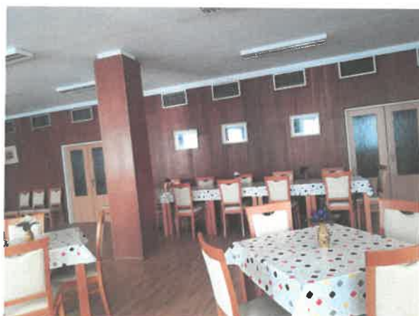
Obrázek č. 18 Objekt Komořanská 818, Most – společné prostory

V roce 2020 byla provedena výměna 27 ks nejvíce poškozených kuchyňských linek, byly vyměněny vstupní dveře do bytů v celé části budovy B a 4 ks v budově A. Dveře byly také vyměněny v kanceláři vedoucí, ve služební místnosti a 7 ks bylo vyměněno v prostorách pečovatelské služby. Bylo vyměněno lino v nouzových východech a v suterénu. V nouzových východech byla také provedena výmalba.
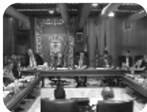
PLENO MUNICIPAL ORDINARIO. Jueves, 19.00
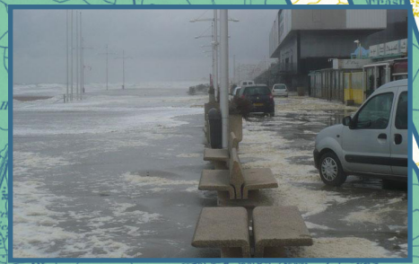
Inondation de la digue-promenade de Malo-les-Bains en février 2009
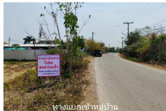
ทางแยกเข้าหมู่บ้าน บ้านลาด ม.5
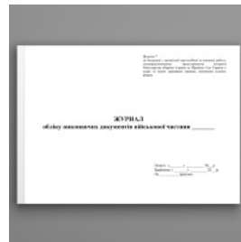
Журнал обліку виконавчих документів військової частини. Додаток 7
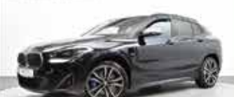
BMW X2 M35i

EZ 03/2022, 10.910 km, Benzin, 225 kW (306 PS), Klimaaut., Navigation Plus, M-Lederlenkad, Rückfahrkamera, u.v.m.
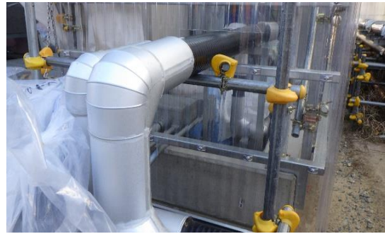
(写真2-2) 同左 コーキングが完了していた
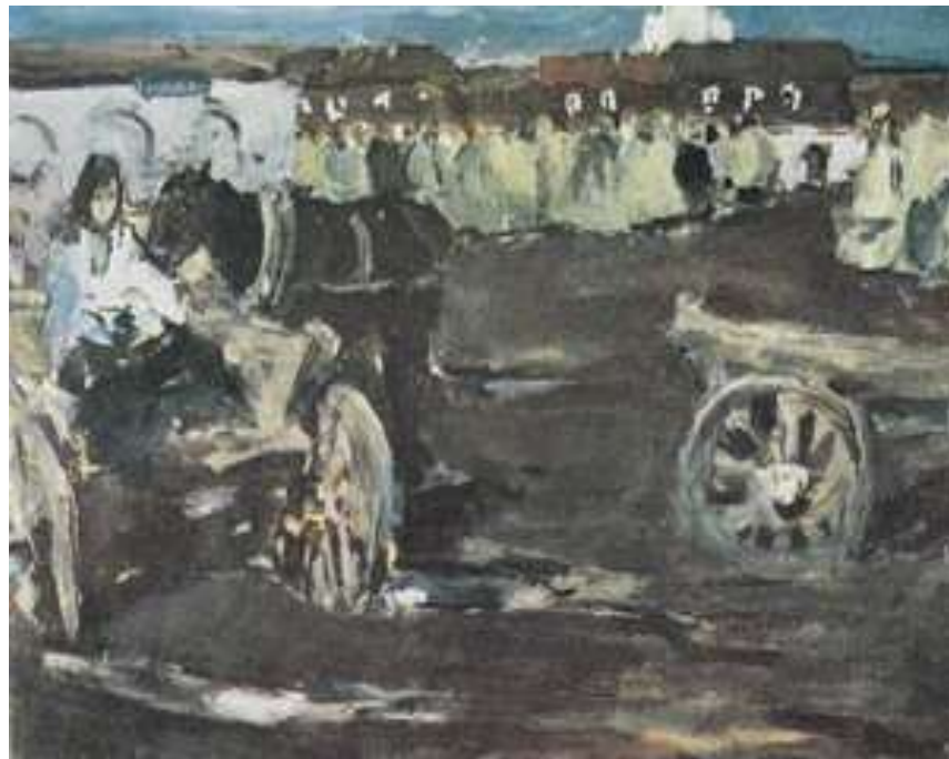
Июнь. 1941 года, Угаров Б.С. Эскиз, 1974 г.
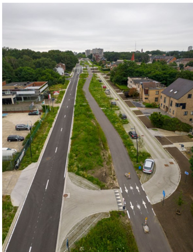
Figuur 3. Heraanleg van E. Coppeelaan, Genk, met vervanging van de riolering, waarbij groene infrastructuur wordt ingezet om het hemelwater te bufferen en laten infiltreren. Bij deze volledige heraanleg geldt ook een afkoppelingsplicht voor aangrenzende gebouwen. 20

Scenario 2: 270 miljoen euro , wanneer er gewerkt wordt met een combinatie van retrofits, ontharding (met herinrichting bovenbouw) en het volledig vervangen van gemengde oude rioleringsstrengen (daterende van 1950 – 1970). Er wordt met dit scenario verder gewerkt als totale kost voor het realiseren spoor 2, de sponsmaatregelen.
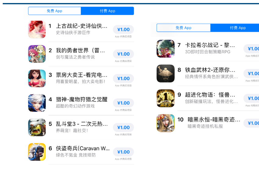
图表7：App Store 9 月 15 日数据中国区付费榜排名前十

App Store 9 月 15 日数据中国区付费榜排名前十：《上古战纪-史诗仙侠手游巨作》、《我的勇者世界（冒险版）》、《票房大卖王》、《猎神-魔物狩猎之觉醒》、《乱斗堂 3》、《侠盗奇兵》、《卡拉希尔战纪》、《铁血武林 2》、《超进化物语：怪兽小队再集结》、《暗黑永恒》。
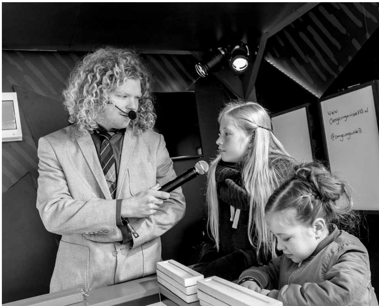
Het Rad van Participatie op de Dutch Design Week

uitkomsten van participatie een plek te geven. De kwalitatieve gesprekken met inwoners laten zich moeilijk één-op-één vertalen naar beleid. Daarom is het van belang dat de beleidsmakers en andere betrokkenen zelf de gesprekken ervaren. Op die manier krijgen de gesprekken een plek in de belevingsvorming en, misschien nog belangrijker, bij de uitvoering. Met de Brabant Pioniers is voor de Brabantse Omgevingsvisie nog een stap verder gezet. Daarbij hebben betrokken Brabanders een half jaar meegedacht en gereflecteerd op het beleid. Gedurende het proces in gesprek blijven is dus het advies, en niet alleen vooraf en achteraf. Maar ook om de verschillende betrokkenen, in dit geval collega's, gemeenten, organisaties
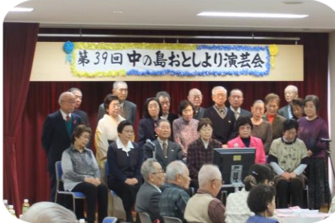
11月12日 お年寄り演芸会
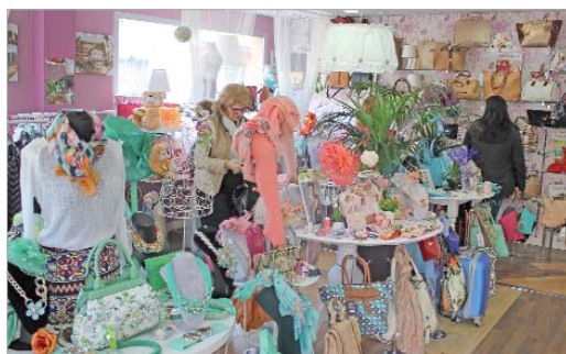
Una gran variedad de artículos de decoración y complementos.

Aires de Sevilla, un auténtico balcón desde San José de La Rinconada a Triana y al río Guadalquivir.
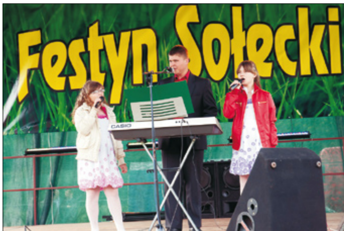
Zespół „Dwie plus jeden” podczas Festynu Solecckiego
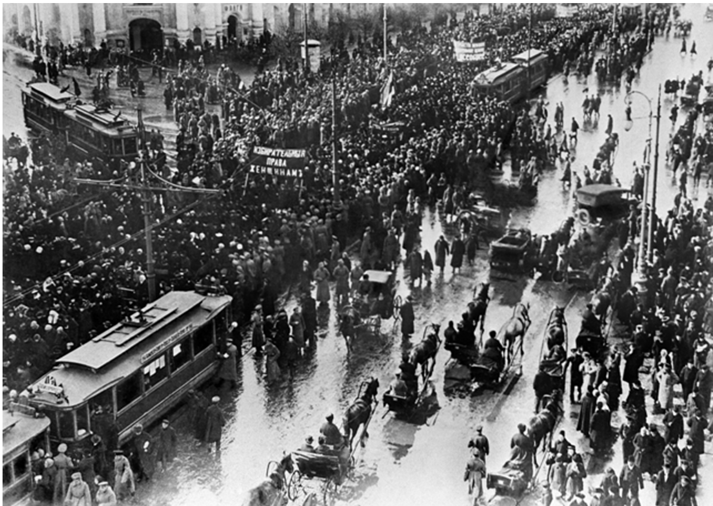
Манифестация женщин, требующих избирательных прав. 1917 год.

Гендерное угнетение — как бесцветные колготки. Или суслик из популярной кинокартины конца 90-х. Никто его не видит, а оно есть. Только в отличие от колготок, суслика и даже бога, в которого все готовы поверить, не требуя доказательств, гендерное угнетение может прийти на вашу кухню, сесть за стол и потребовать борщ. Но и в этом случае большинство людей не будет готово принять его как факт.
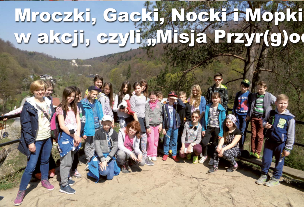
Mroczki, Gacki, Nocki i Mopki w akcji, czyli „Misja Przyr(g)oda”
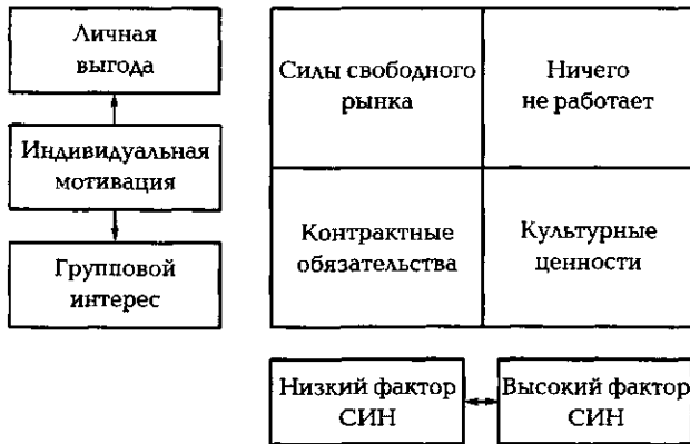
Рис. 10.1. Выбор метода контроля

Составляют простую схему, состоящую из четырех квадратов (рис. 10.1).
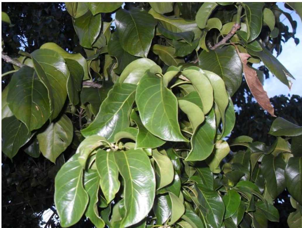
Figura 3 - Folhas Galesia integrifolia (Spreng) Harms.

Essa espécie ocorre nas formações florestais do complexo atlântico, em vários estados brasileiros, desde o Ceará (latitude 04° S) até o Paraná (latitude 25° 30' S). Ocorre preferencialmente em terrenos profundos, úmidos e de alta fertilidade, sendo considerado padrão de terra de boa qualidade. Portanto, esta ampla distribuição geográfica envolvendo ambientes com características de solo e clima muito diferentes é um indicativo de alta variação genética na espécie (SATO et al., 2004).
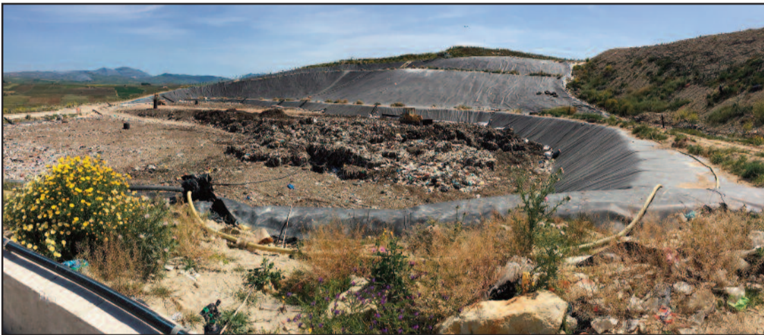
LA DISCARICA DI BORRANEA
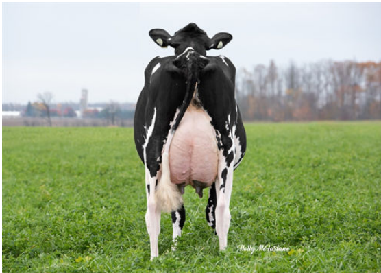
CARLDOT WINDMILL LAYLA
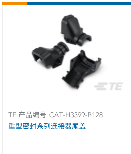
TE 产品编号 CAT-H3399-B128 重型密封系列连接器尾盖
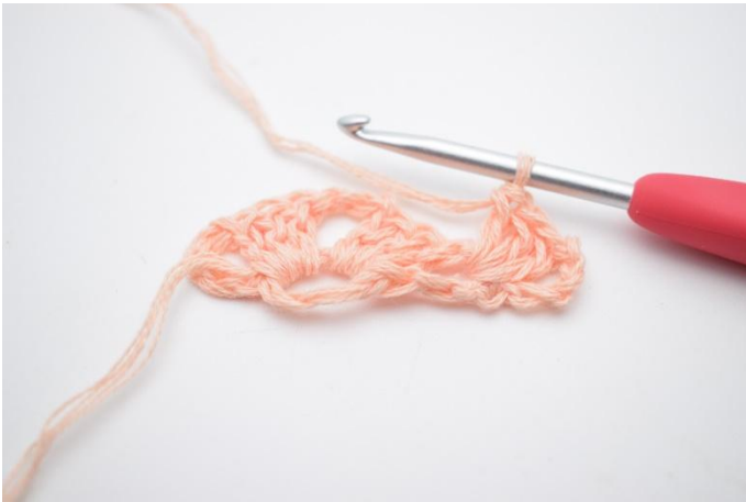
9. hekles 1 stv gruppe.
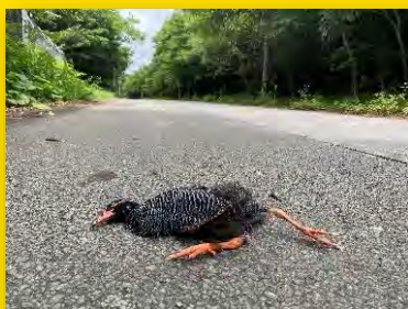
ヤンバルクイナ 国指定天然記念物 国内希少野生動植物種 環境省RL 絶滅危惧 I A類(CR)
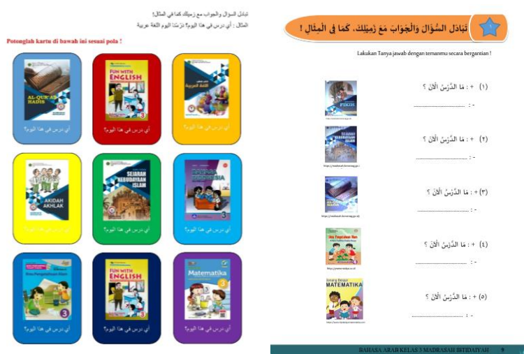
Gambar 8. Media kartu

Peserta didik melakukan tanya jawab secara bergantian dengan team sebangkunya
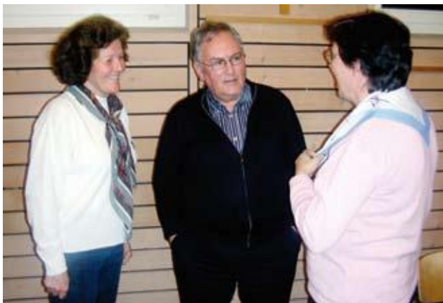
Joie et chaleur des rencontres

Joie de vivre et dynamisme Energie et courage Amitié chaleureuse Naturel et sens du prochain - le trait d'union, c'est l'humour Pédagogie, sens de la collaboration Intérêt et curiosité pour tout ce qui est humain Esprit positif et espérance Rigueur sans faille Rayonnement et richesse du partage Engagement généreux
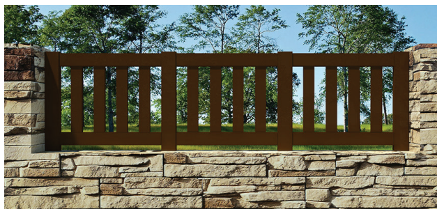
REF. a VD 02
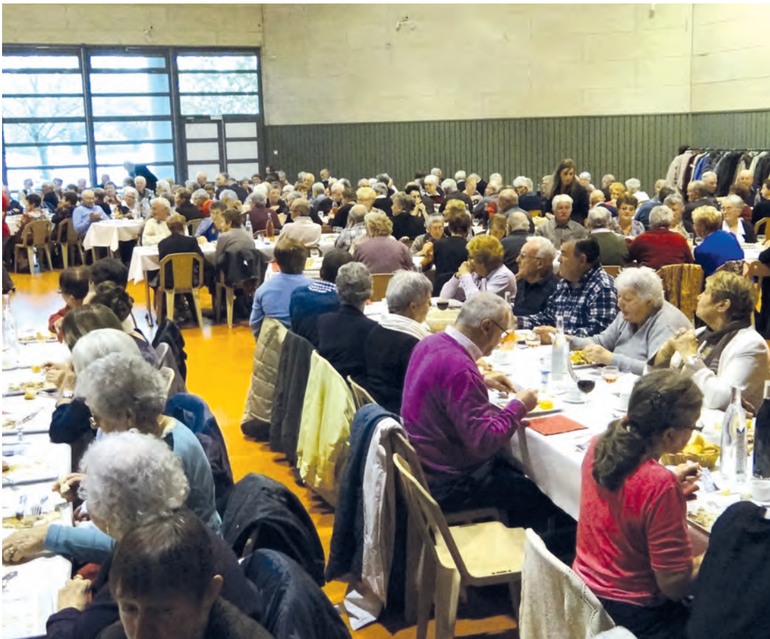
La convivialité était au rendez-vous autour d'un excellent repas.

Le 9 novembre, le repas des aînés s'est déroulé dans une ambiance sympathique.
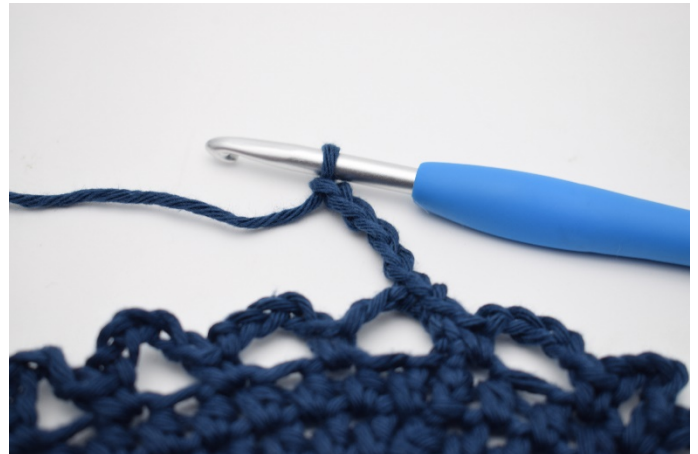
8. Haak 5 l.
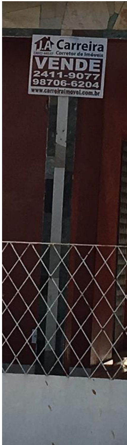
PLACA INDICATIVA PARA A VENDA DO IMÓVEL
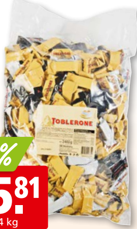
Toblerone Mix, ca. 300 Stück

● **Activity**
Repeat the listing word for word, but without its pictures.

● **Result of the exercise**
Obrázek č. 18 Objekt Komořanská 818, Most – společné prostory

V roce 2020 byla provedena výměna 27 ks nejvíce poškozených kuchyňských linek, byly vyměněny vstupní dveře do bytů v celé části budovy B a 4 ks v budově A. Dveře byly také vyměněny v kanceláři vedoucí, ve služební místnosti a 7 ks bylo vyměněno v prostorách pečovatelské služby. Bylo vyměněno lino v nouzových východech a v suterénu. V nouzových východech byla také provedena výmalba.
PLENO MUNICIPAL ORDINARIO. Jueves, 19.00
Inondation de la digue-promenade de Malo-les-Bains en février 2009
ทางแยกเข้าหมู่บ้าน บ้านลาด ม.5
Журнал обліку виконавчих документів військової частини. Додаток 7
BMW X2 M35i

EZ 03/2022, 10.910 km, Benzin, 225 kW (306 PS), Klimaaut., Navigation Plus, M-Lederlenkad, Rückfahrkamera, u.v.m.
(写真2-2) 同左 コーキングが完了していた
Июнь. 1941 года, Угаров Б.С. Эскиз, 1974 г.
Figuur 3. Heraanleg van E. Coppeelaan, Genk, met vervanging van de riolering, waarbij groene infrastructuur wordt ingezet om het hemelwater te bufferen en laten infiltreren. Bij deze volledige heraanleg geldt ook een afkoppelingsplicht voor aangrenzende gebouwen. 20

Scenario 2: 270 miljoen euro , wanneer er gewerkt wordt met een combinatie van retrofits, ontharding (met herinrichting bovenbouw) en het volledig vervangen van gemengde oude rioleringsstrengen (daterende van 1950 – 1970). Er wordt met dit scenario verder gewerkt als totale kost voor het realiseren spoor 2, de sponsmaatregelen.
图表7：App Store 9 月 15 日数据中国区付费榜排名前十

App Store 9 月 15 日数据中国区付费榜排名前十：《上古战纪-史诗仙侠手游巨作》、《我的勇者世界（冒险版）》、《票房大卖王》、《猎神-魔物狩猎之觉醒》、《乱斗堂 3》、《侠盗奇兵》、《卡拉希尔战纪》、《铁血武林 2》、《超进化物语：怪兽小队再集结》、《暗黑永恒》。
Het Rad van Participatie op de Dutch Design Week

uitkomsten van participatie een plek te geven. De kwalitatieve gesprekken met inwoners laten zich moeilijk één-op-één vertalen naar beleid. Daarom is het van belang dat de beleidsmakers en andere betrokkenen zelf de gesprekken ervaren. Op die manier krijgen de gesprekken een plek in de belevingsvorming en, misschien nog belangrijker, bij de uitvoering. Met de Brabant Pioniers is voor de Brabantse Omgevingsvisie nog een stap verder gezet. Daarbij hebben betrokken Brabanders een half jaar meegedacht en gereflecteerd op het beleid. Gedurende het proces in gesprek blijven is dus het advies, en niet alleen vooraf en achteraf. Maar ook om de verschillende betrokkenen, in dit geval collega's, gemeenten, organisaties
11月12日 お年寄り演芸会
Una gran variedad de artículos de decoración y complementos.

Aires de Sevilla, un auténtico balcón desde San José de La Rinconada a Triana y al río Guadalquivir.
Zespół „Dwie plus jeden” podczas Festynu Solecckiego
Манифестация женщин, требующих избирательных прав. 1917 год.

Гендерное угнетение — как бесцветные колготки. Или суслик из популярной кинокартины конца 90-х. Никто его не видит, а оно есть. Только в отличие от колготок, суслика и даже бога, в которого все готовы поверить, не требуя доказательств, гендерное угнетение может прийти на вашу кухню, сесть за стол и потребовать борщ. Но и в этом случае большинство людей не будет готово принять его как факт.
Mroczki, Gacki, Nocki i Mopki w akcji, czyli „Misja Przyr(g)oda”
Рис. 10.1. Выбор метода контроля

Составляют простую схему, состоящую из четырех квадратов (рис. 10.1).
Figura 3 - Folhas Galesia integrifolia (Spreng) Harms.

Essa espécie ocorre nas formações florestais do complexo atlântico, em vários estados brasileiros, desde o Ceará (latitude 04° S) até o Paraná (latitude 25° 30' S). Ocorre preferencialmente em terrenos profundos, úmidos e de alta fertilidade, sendo considerado padrão de terra de boa qualidade. Portanto, esta ampla distribuição geográfica envolvendo ambientes com características de solo e clima muito diferentes é um indicativo de alta variação genética na espécie (SATO et al., 2004).
LA DISCARICA DI BORRANEA
CARLDOT WINDMILL LAYLA
TE 产品编号 CAT-H3399-B128 重型密封系列连接器尾盖
9. hekles 1 stv gruppe.
ヤンバルクイナ 国指定天然記念物 国内希少野生動植物種 環境省RL 絶滅危惧 I A類(CR)
Gambar 8. Media kartu

Peserta didik melakukan tanya jawab secara bergantian dengan team sebangkunya
Joie et chaleur des rencontres

Joie de vivre et dynamisme Energie et courage Amitié chaleureuse Naturel et sens du prochain - le trait d'union, c'est l'humour Pédagogie, sens de la collaboration Intérêt et curiosité pour tout ce qui est humain Esprit positif et espérance Rigueur sans faille Rayonnement et richesse du partage Engagement généreux
REF. a VD 02
La convivialité était au rendez-vous autour d'un excellent repas.

Le 9 novembre, le repas des aînés s'est déroulé dans une ambiance sympathique.
8. Haak 5 l.
PLACA INDICATIVA PARA A VENDA DO IMÓVEL
Toblerone Mix, ca. 300 Stück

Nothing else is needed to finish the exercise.